Problem with MDX calculated member

  • Hi

    I'm not that experienced in MDX, and having some trouble with a query I'm writing.

    Here it is:

    WITH

    MEMBER Measures.GIDCount

    AS

    COUNT(

    NONEMPTY(

    ([Dim Employees].[GlobalID].Members-

    [Dim Employees].[GlobalID].[All]),

    ([Measures].[Outliers - ACD Calls],

    [Dim Phone Logins].CurrentMember)

    )

    )

    SELECT

    {Measures.GIDCount,

    [Measures].[Outliers - ACD Calls]} ON 0,

    NONEMPTY

    (

    (

    [Dim Phone Logins].[Phone Logins].Members

    - [Dim Phone Logins].[Phone Logins].[All]

    --[Dim Phone Logins].[Phone Logins].[Phone Login].&[874007]

    )

    *

    ([Dim Employees].[GlobalID].Members

    - [Dim Employees].[GlobalID].[All])

    ,

    [Measures].[Outliers - ACD Calls]

    )

    ON 1

    FROM [TheCube]

    WHERE

    (

    [Dim Call Distributors].[Call Distributors].[Call Distributor].&[88],

    [Dim Call Routes].[Call Routes].&[335361],

    [Dim Local Time].[Local Time].[Days].&[20150501]

    )

    You can see that on the Rows (1) axis, I'm cross-joining the members of two dimensions (PhoneLogin and GlobalID), and getting rid of the combinations that don't have any value for the measure concerned.

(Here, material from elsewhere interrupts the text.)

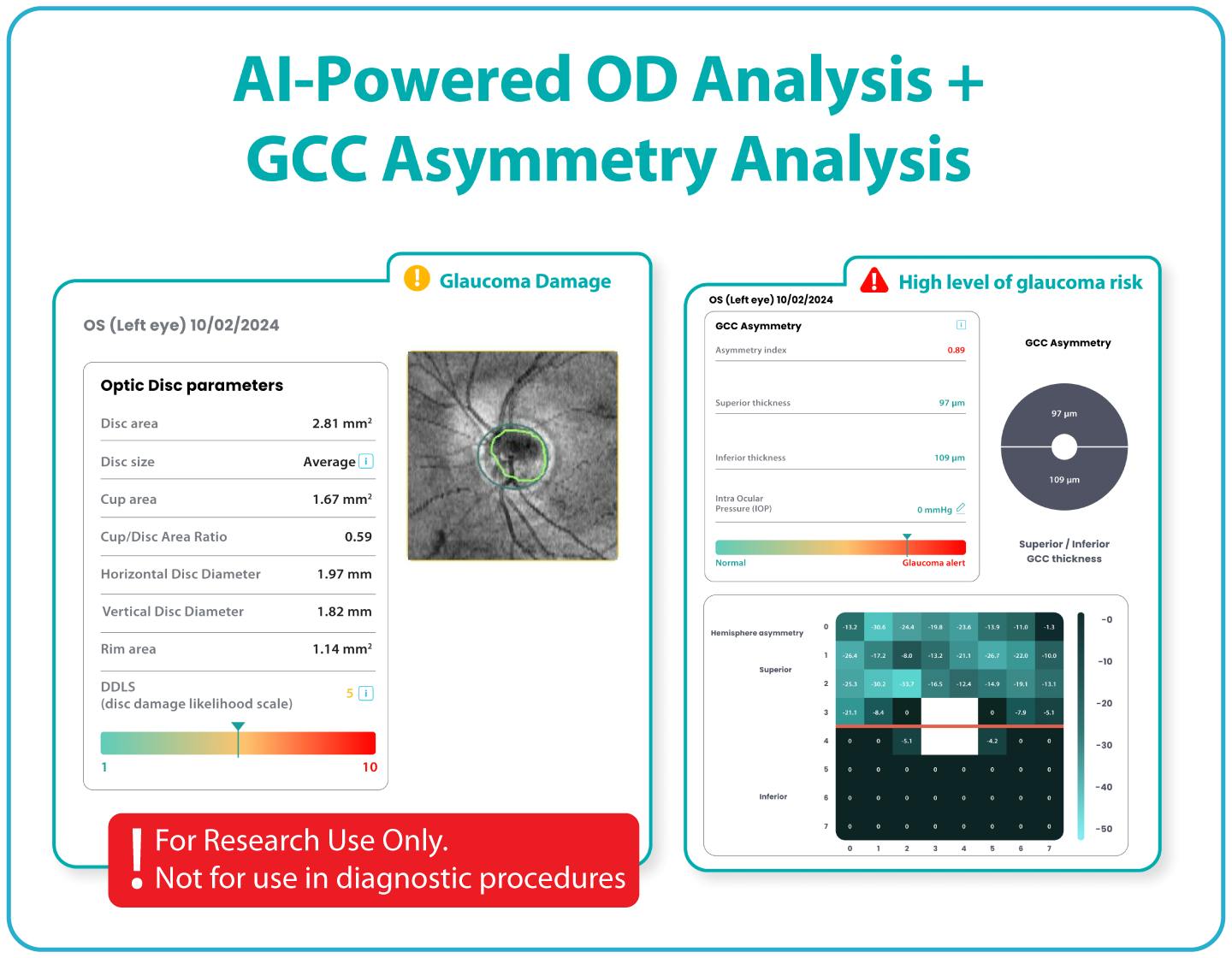 Objective, image-derived measurements of GCC and OD features for use in research and investigational workflows.

    On the 0 axis, I show the measure value.

    The purpose of the query is to work out where one member from PhoneLogin has data (within the slice) for more than one GlobalID. This is a data problem which I'm trying to diagnose and debug.

    So I have this calculated member that counts the non-empty (on the basis of the measure) GlobalIDs for the current PhoneLogin (again, within the slice).

    Here's the problem.

    a) When I test this with one member from PHoneLogins (you can see this commented out), it comes back blindingly fast with the correct values.

    b) When I test it with the entire PhoneLogins dimension, but without the calculated member, again it works blindingly fast: out of c. 600,000 members in dimension PHoneLogin, and c. 300,000 members in dimension GlobalID, it returns just the 400 or so rows that matter.

    c) When I test it with the entire Phone Logins dimension, and with the calculated member, it just runs and never finishes.

    What am I doing wrong?

    thanks for any ideas!

  • First, let's correct some dimensionality issues. Instead of doing the following:

    [Dim Phone Logins].[Phone Logins].Members - [Dim Phone Logins].[Phone Logins].[All]

    Just step one level down:

    [Dim Phone Logins].[Phone Logins].[Phone Logins]

    The real issue with your query is the calculated member. Imagine it as a pseudo-cursor, executing for every combination of Phone ID and Employee Global ID. While you are attempting to make the calculation aware of where you currently are in the Phone Logins dimension (one level too high in the attribute hierarchy though), you are not doing the same for the Employee dimension.

    In my opinion, your calculated member should look something like this:

    count

    (

    nonempty

    (

    {[Dim Employees].[GlobalID].[GlobalID].currentmember}

    * {[Dim Phone Logins].[Phone Logins].[Phone Logins].currentmember}

    ,[Measures].[Outliers - ACD Calls]

    )

    )

    The above will only work for a query that returns the members of these 2 dimension attributes, otherwise there may not be a "currentmember". If you envision excluding one of these attributes from the query at some point, you may need to step down to the appropriate level by using the descendants() function.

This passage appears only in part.